France

Each student has a unique and individual experience on their Experiment program. The following essay is a single glimpse into a program from one student's perspective.

Consuelo Gonzales -- Southern France and Northern Spain -- From the Basque Country to Catalonia (FRHD)

Playing in my stereo right now is the French CD I bought just minutes before my fellow Experimenters and I were to board the plane that would return us to our anxious families in the US. Much to my mother's distaste, the music is somewhat loud, however I argue that it is crucial to this writing process-I close the door to my room, and return to the page in front of me: it's still blank.

For some reason my thoughts flash back to during the school year in French class, remembering the numerous instances when we would listen to certain French songs as a class. Looking back, I find it rather funny how I would hear the belted chorus sung by Edith Piaff, or Jean-Jacques Goldman, and yet I would leave class untouched by this brief experience and by the time I reached the end of the hall, though it is sad to admit, this sampling of culture was already forgotten. The indifference that I once felt when I heard these songs, I believe was caused by my lack of a connection with the French language. I could pinpoint key verbs and adjectives in each song, but it was a stretch to try to decode the song's meaning, thus instead of taking that extra step towards understanding a little more about the French language and culture, I opted for a somewhat distant relationship.

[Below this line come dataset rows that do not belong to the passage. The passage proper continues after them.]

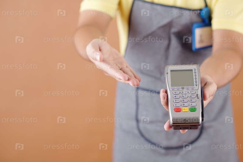 Руки официанта, предлагающего платежный терминал клиенту, оплачивающему обед в кафе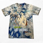 The one-of-one tee celebrates the legendary performer’s 2022 Las Vegas show with a radiant portrait graphic accented by gold shimmer and bold lettering. Printed on a blue-and-white tie-dye wash with splatter details, this shirt captures both the glamour and timeless energy of her stage presence.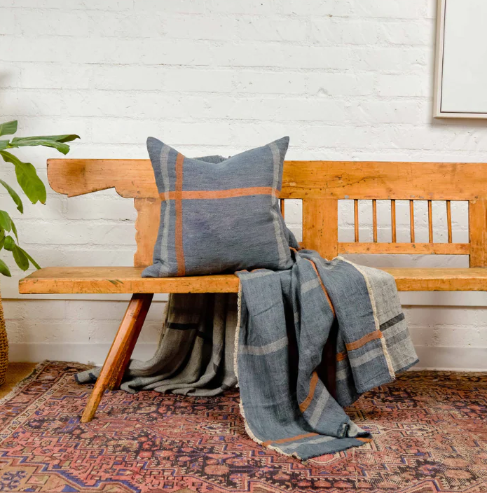 Our new Burke throw combines a gorgeous pale herringbone weave with lively stripes of darker flax, orange, yellow and light blue. Each edge is finished with a cozy fray, adding to the soft comfort of Burke’s linen fabrication.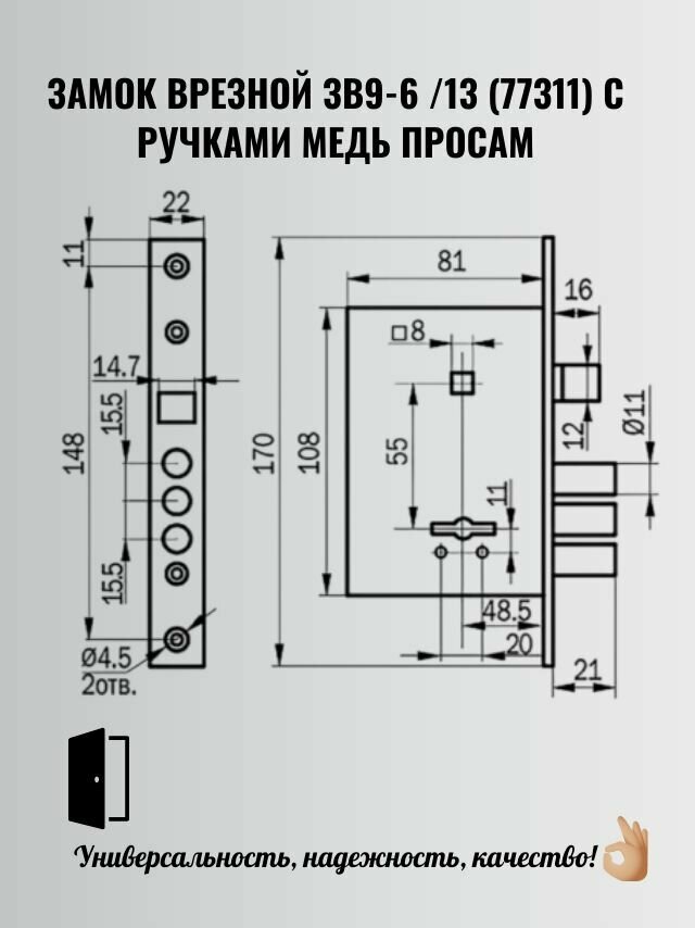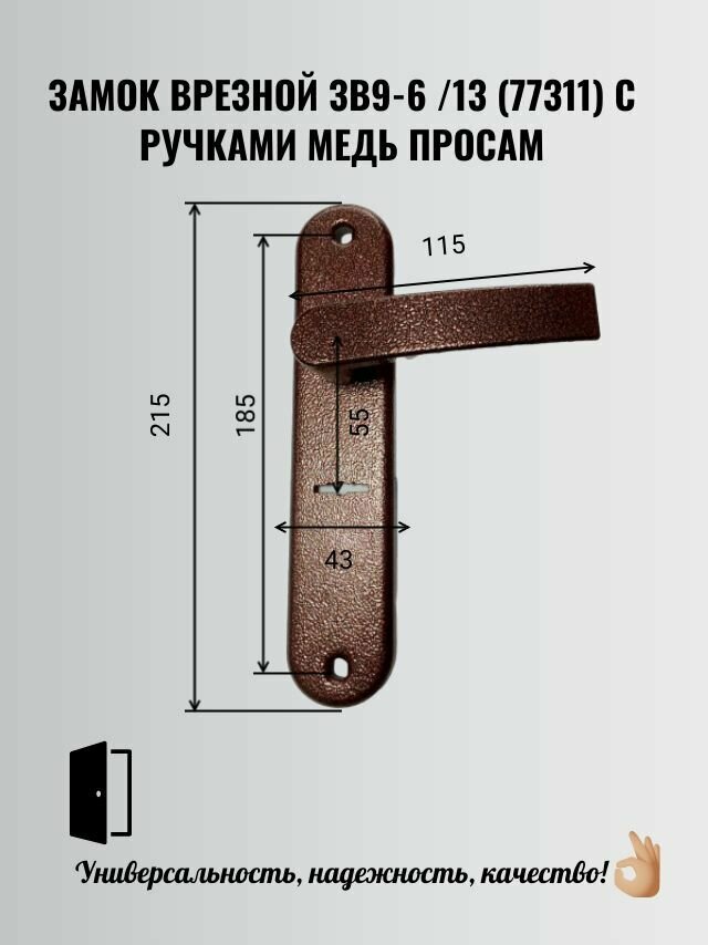 Врезной замок ПроСам ЗВ9-6/13 (77311) медный антик интересное:

This provincial outlook was quickly reversed on day one of the Experiment, mainly because I was experiencing, not through a textbook or a copied handout, but first hand, what the culture and language were like. And it was the diverse people, the smell of a nearby boulangerie, the historic monuments-it all surrounded me as I had never imagined before, and in turn amounted to create such a positive energy that awakened my desire to want to absorb everything within sight. Being in this foreign environment, thousands of miles away from home, forced me to drop the distancing barrier, and welcome the infinite experiences the Experiment could afford me.

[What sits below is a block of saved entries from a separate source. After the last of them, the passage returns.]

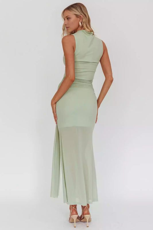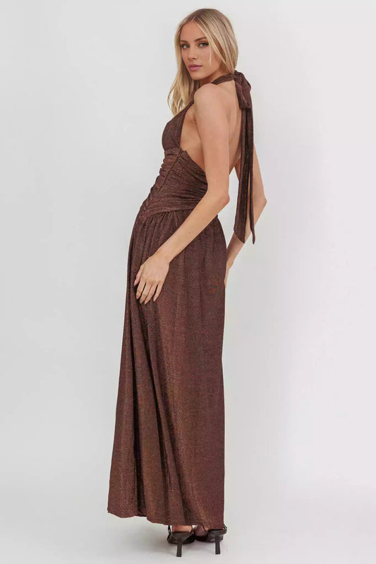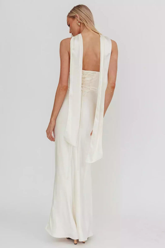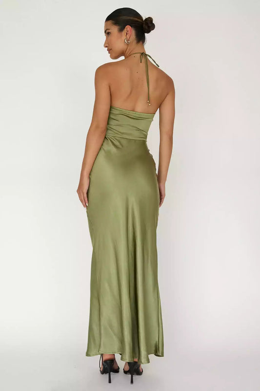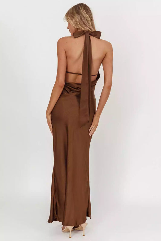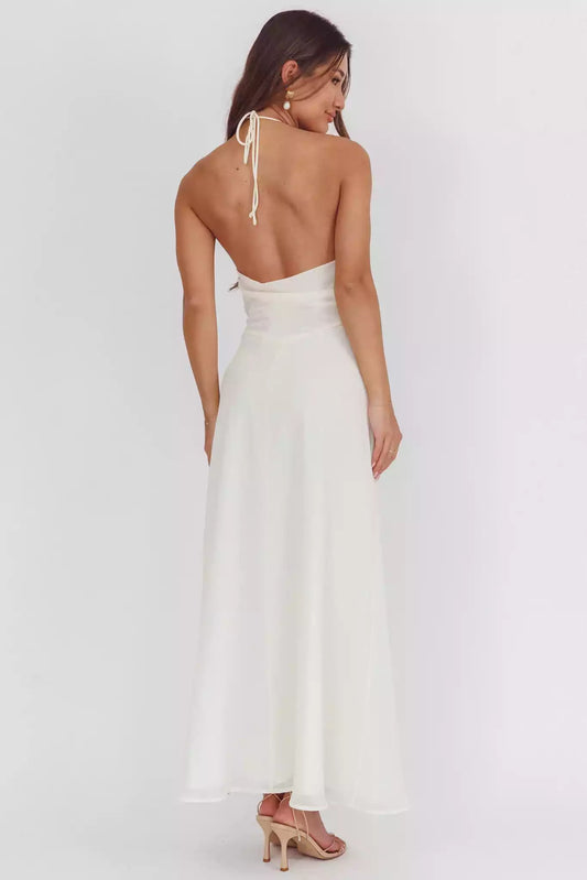 Absolutely stunning hanging neck collar, exposed back, side zipper, front leg slit Prom Dresses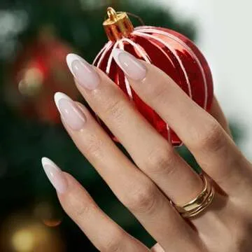 BTArtboxnails XCOATTIPS French Tip Gel Nail Tips Almond - Modern French Tip Press On Nails Medium, Milky White Fake Nails Pre-applied Tip Primer Base Coat, No Need File False Nails for Home DIY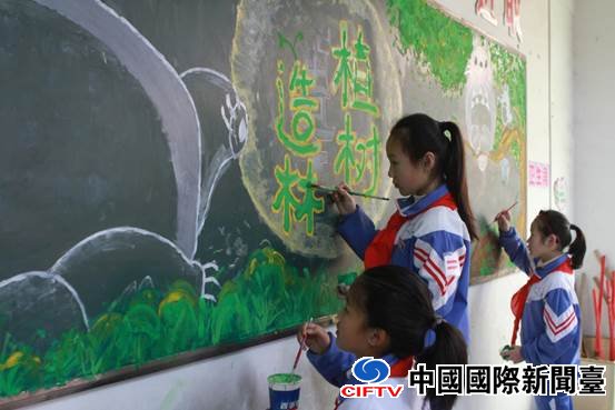 在福建省福鼎市的校园里,孩子们正认真制作“植树造林”主题黑板报,用手中的画笔宣传“爱绿、植树、护绿”的理念。(孙金瑞 摄)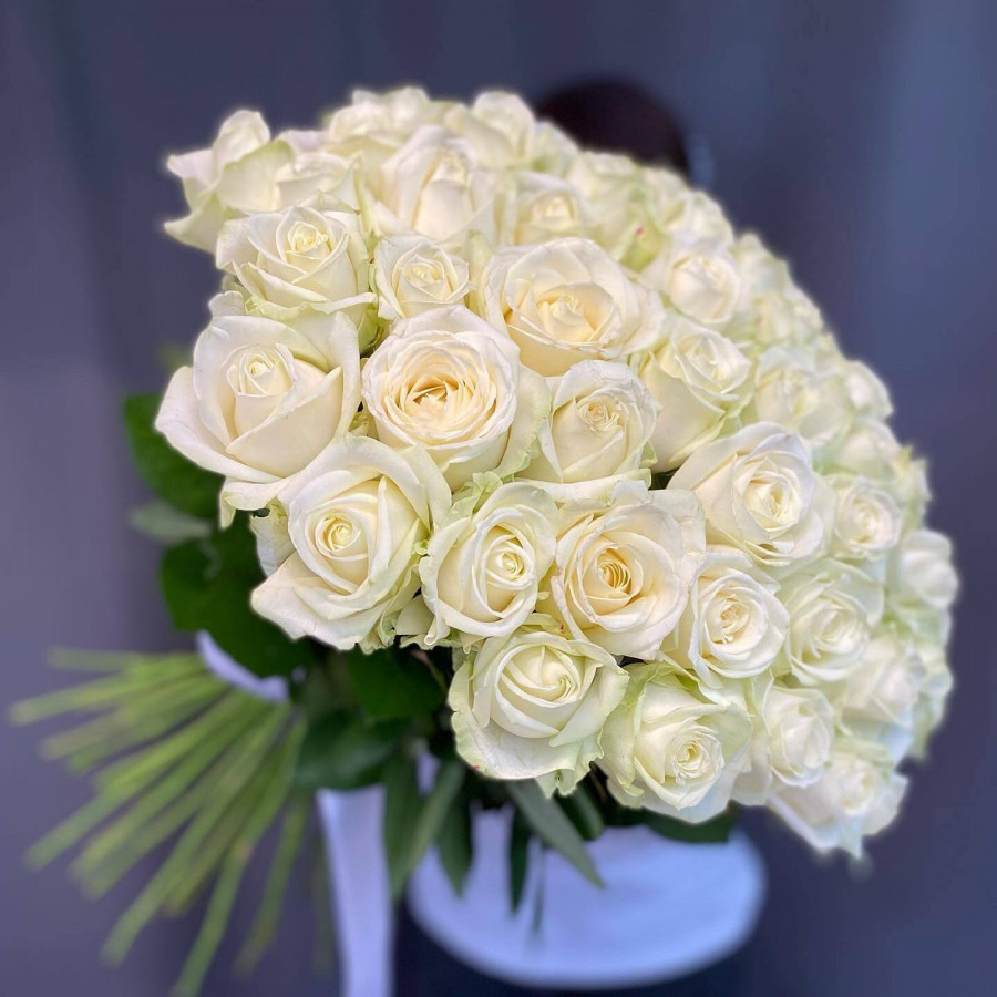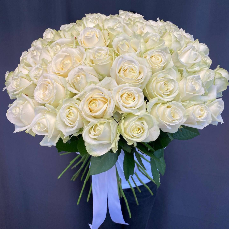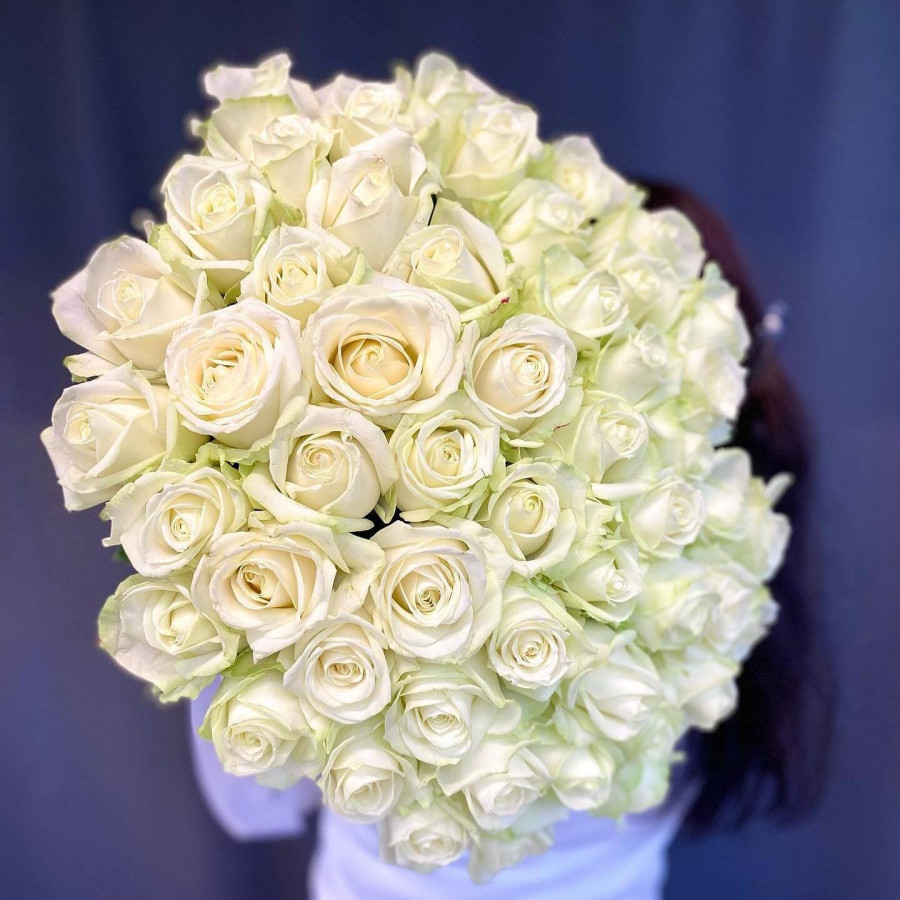 На фото букет из 51 белой розы. В составе: роза 51 шт, . Все цветы свежие и ароматные, букет красиво оформлен и отлично подходит для подарка. Доступна доставка цветов или самовывоз.

At the beginning of the Experiment, I remember how I had wondered how I would make it through a month in a foreign country, for I had never been away from home for that amount of a time. Yet once the trip was winding down, I yearned for another couple of weeks, for one month had gone by too fast. As the plane began to leave the ground, flying higher in the air and farther and farther away from France, dull pains tugged at my insides. I recognized these pains for I had experienced them at the beginning of the trip when I missed home, yet now that I look back, I can identify that these pains weren't for my home in the states, instead they were for my newfound home in Biarritz, France.

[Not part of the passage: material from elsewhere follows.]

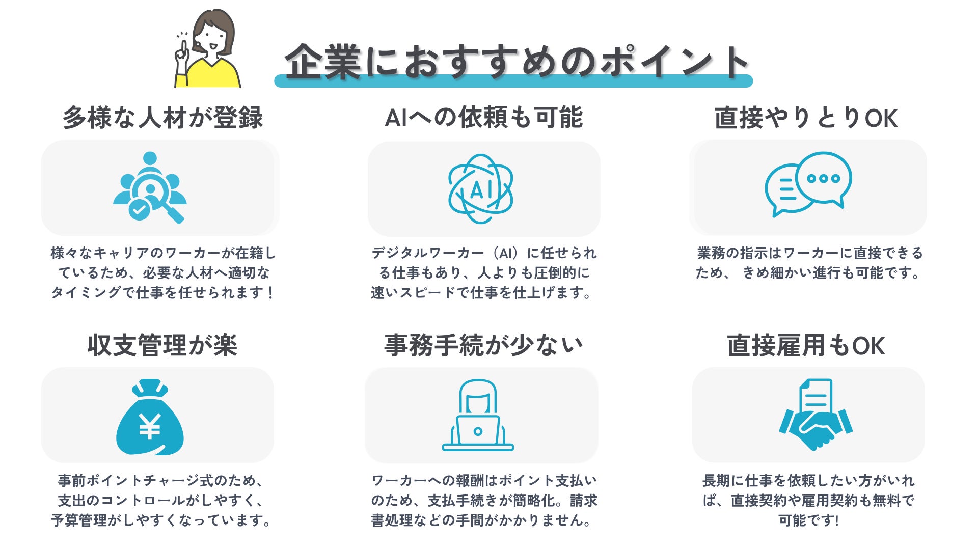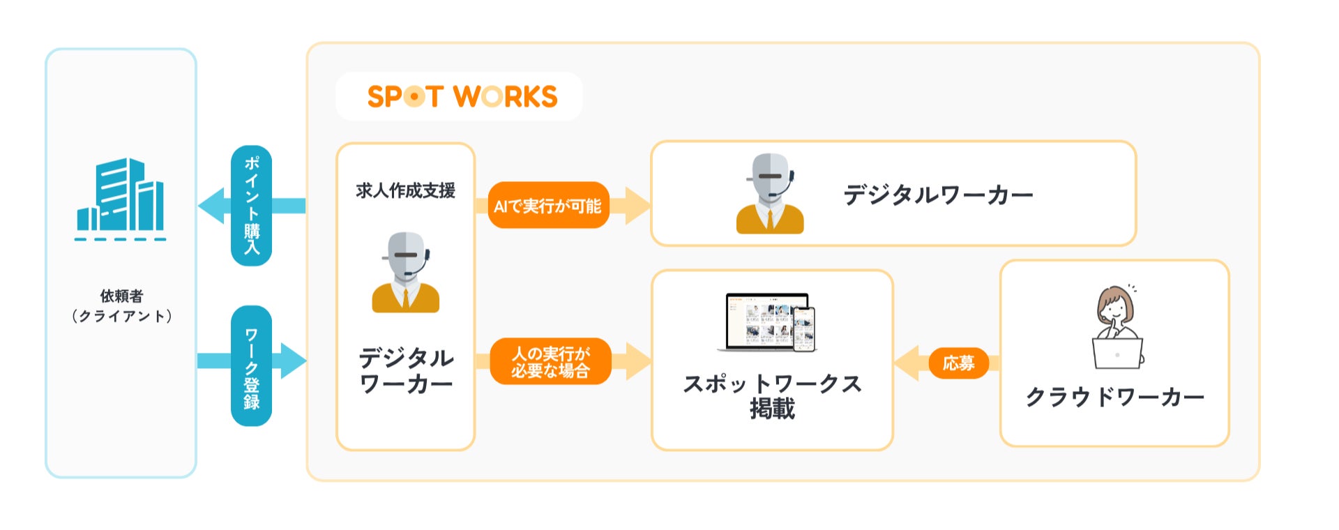 「スポットワークス」は、短時間業務を行いたいクラウドワーカーと、限られた社内リソースで効率的に業務を遂行したい企業を結ぶ、クラウドソーシングサイトです。実際の業務も遂行できるAI「デジタルワーカー」を導入しており、求人情報の作成支援に加えて、AIが実行可能な業務はデジタルワーカーが対応し、人の手が必要な業務のみをクラウドワーカーに依頼できる仕組みを整えています。

Every time I listen to the French CD that is playing in my stereo, my thoughts instantly go back to when I first met my host family. After exiting the train, I saw their smiling faces, and for some reason all the French I had learned had disappeared from my brain for several minutes. Yet my host family was so welcoming and accommodating, that it really didn't take too long for me to feel comfortable enough to speak, and quickly the fragmented French I knew came back to me. I didn't think it was possible to be touched so greatly by a group of individuals who don't even speak the same language as I do. Instantly, I became attached to them, for they welcomed me into their house and most importantly, into their family.

No matter how many times I listen to the CD that is presently playing, each time I am overtaken by a wave of nostalgia, and numerous snapshots of my trip cloud my thoughts, and for a while I just sit and reminisce. The countless experiences I encountered during this trip are memories that only I can claim ownership over, and have vowed to keep by my side for the rest of my life, for after this summer I became a new person. This program gave me the chance to experience the world by myself, and in turn gain new insight, ideas, and the feeling of belonging to a foreign culture, that now doesn't seem so foreign to me after all.